=== EXERCISE DESCRIPTION ===
Lines holding the word "Времена" are the ones to copy from the data below.

=== DATA FOR THE TASK ===
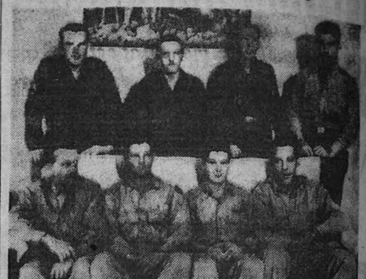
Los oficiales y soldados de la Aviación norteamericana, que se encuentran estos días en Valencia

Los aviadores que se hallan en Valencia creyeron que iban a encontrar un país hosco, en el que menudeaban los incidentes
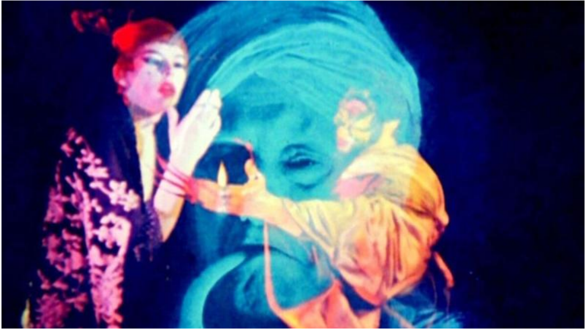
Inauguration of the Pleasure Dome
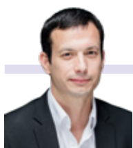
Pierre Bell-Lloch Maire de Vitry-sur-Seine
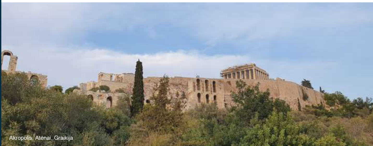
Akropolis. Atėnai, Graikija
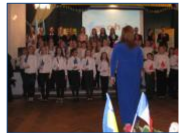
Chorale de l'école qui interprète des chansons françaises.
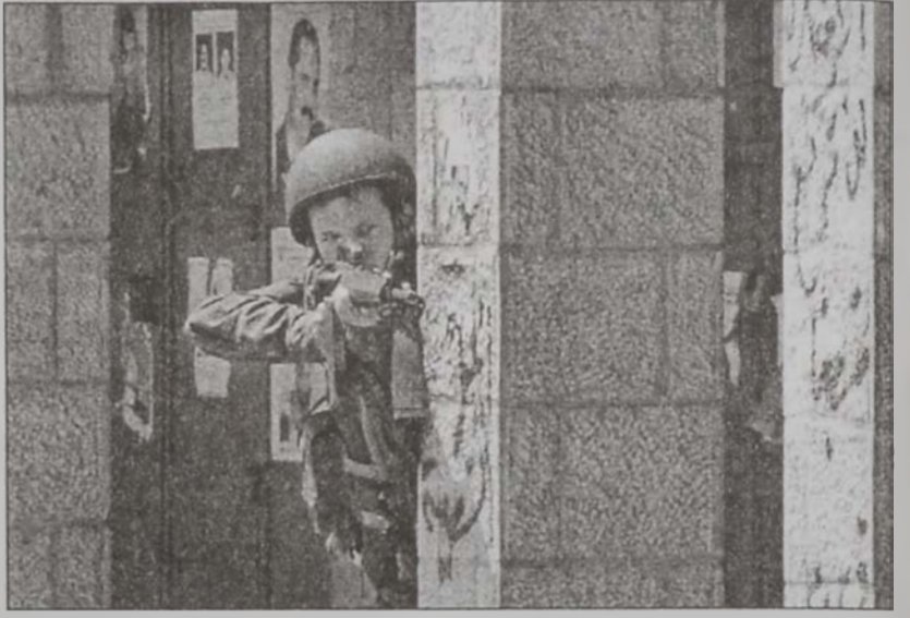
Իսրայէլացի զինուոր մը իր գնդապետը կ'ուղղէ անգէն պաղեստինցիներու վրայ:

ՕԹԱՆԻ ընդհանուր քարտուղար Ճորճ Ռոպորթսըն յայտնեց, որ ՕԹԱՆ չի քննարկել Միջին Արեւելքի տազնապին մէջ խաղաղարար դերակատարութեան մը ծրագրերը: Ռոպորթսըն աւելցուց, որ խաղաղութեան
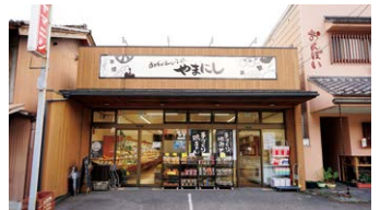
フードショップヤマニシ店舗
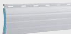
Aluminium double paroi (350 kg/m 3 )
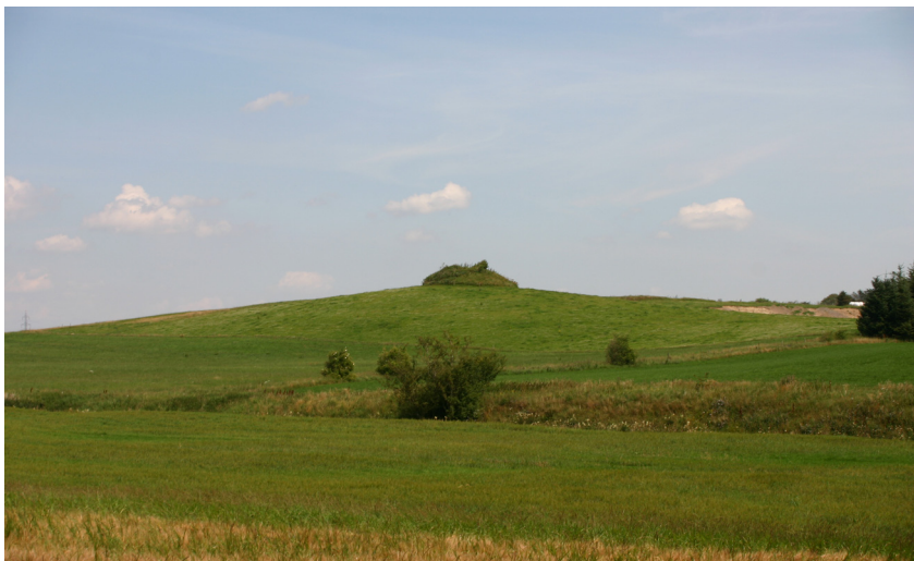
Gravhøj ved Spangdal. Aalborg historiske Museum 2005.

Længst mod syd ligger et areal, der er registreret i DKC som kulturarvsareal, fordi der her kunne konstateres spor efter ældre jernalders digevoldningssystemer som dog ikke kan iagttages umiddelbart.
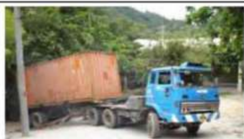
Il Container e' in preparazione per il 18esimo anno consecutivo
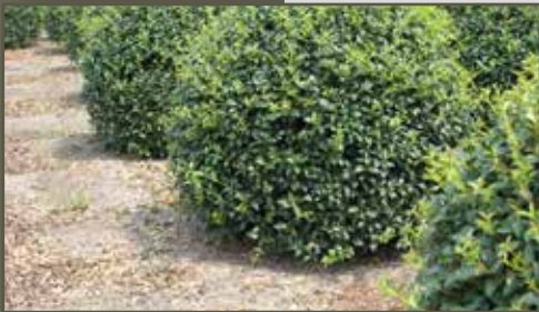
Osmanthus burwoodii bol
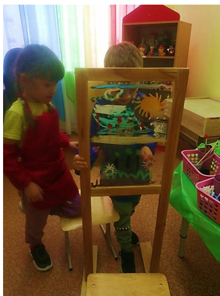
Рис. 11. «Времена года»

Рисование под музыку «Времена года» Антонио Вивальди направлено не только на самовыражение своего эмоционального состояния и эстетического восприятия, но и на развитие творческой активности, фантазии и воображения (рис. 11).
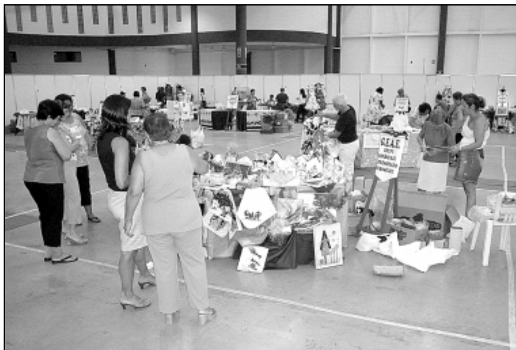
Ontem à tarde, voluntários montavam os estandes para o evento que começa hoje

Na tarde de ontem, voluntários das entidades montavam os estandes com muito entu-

=== RESULT FOR THIS EXERCISE ===
Рис. 11. «Времена года»
Рисование под музыку «Времена года» Антонио Вивальди направлено не только на самовыражение своего эмоционального состояния и эстетического восприятия, но и на развитие творческой активности, фантазии и воображения (рис. 11).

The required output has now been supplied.